Does the description disclose side effects, auth requirements, rate limits, or destructive behavior?

With no annotations provided, the description carries full burden. It discloses that this returns 'TIDAL's native recommendations' and mentions default/max values for the limit parameter, which adds useful behavioral context. However, it doesn't cover important aspects like rate limits, authentication requirements, or pagination behavior.

Agents need to know what a tool does to the world before calling it. Descriptions should go beyond structured annotations to explain consequences.

Conciseness5/5

Is the description appropriately sized, front-loaded, and free of redundancy?

The description is perfectly structured and concise. It starts with the core purpose, adds context about TIDAL's native recommendations, then provides clear parameter documentation. Every sentence earns its place with no wasted words.

Shorter descriptions cost fewer tokens and are easier for agents to parse. Every sentence should earn its place.

Completeness4/5

Given the tool's complexity, does the description cover enough for an agent to succeed on first attempt?

Given the tool's moderate complexity, no annotations, and the presence of an output schema, the description is reasonably complete. It explains what the tool does, provides parameter semantics, and mentions the return format. However, for a tool with no annotations, it could benefit from more behavioral context about authentication or rate limits.

Complex tools with many parameters or behaviors need more documentation. Simple tools need less. This dimension scales expectations accordingly.

Parameters4/5

Does the description clarify parameter syntax, constraints, interactions, or defaults beyond what the schema provides?
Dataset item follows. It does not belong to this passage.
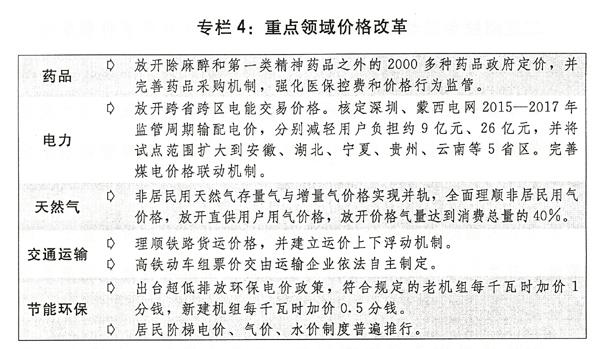 四是价格改革力度加大。印发实施推进价格机制改革的若干意见。放开、下放近40项商品和服务价格。修订政府定价目录,中央、地方具体定价项目分别减少80%和55%。降低燃煤发电上网电价和工商业用电价格,大幅降低非居民用天然气门站价格。健全节能环保价格政策。继续清理规范进出口环节收费。

With 0% schema description coverage, the description must compensate. It provides meaningful semantics for both parameters: 'artist_id: ID of the seed artist' and 'limit: Maximum tracks to return (default: 20, max: 100)'. This adds significant value beyond the bare schema, though it doesn't explain the format of artist_id values.

Input schemas describe structure but not intent. Descriptions should explain non-obvious parameter relationships and valid value ranges.

Purpose5/5

Does the description clearly state what the tool does and how it differs from similar tools?

The description clearly states the tool's purpose with specific verbs ('Get tracks similar to an artist's style') and identifies the resource ('artist radio'). It distinguishes from siblings like 'get_track_radio' by specifying artist-based recommendations rather than track-based ones.

Agents choose between tools based on descriptions. A clear purpose with a specific verb and resource helps agents select the right tool.

Usage Guidelines4/5

Does the description explain when to use this tool, when not to, or what alternatives exist?

The description provides clear context about when to use this tool ('useful for discovering music in a similar style'), but doesn't explicitly mention when not to use it or name specific alternatives among the sibling tools. It implies usage for artist-based recommendations without explicit exclusions.

Agents often have multiple tools that could apply. Explicit usage guidance like "use X instead of Y when Z" prevents misuse.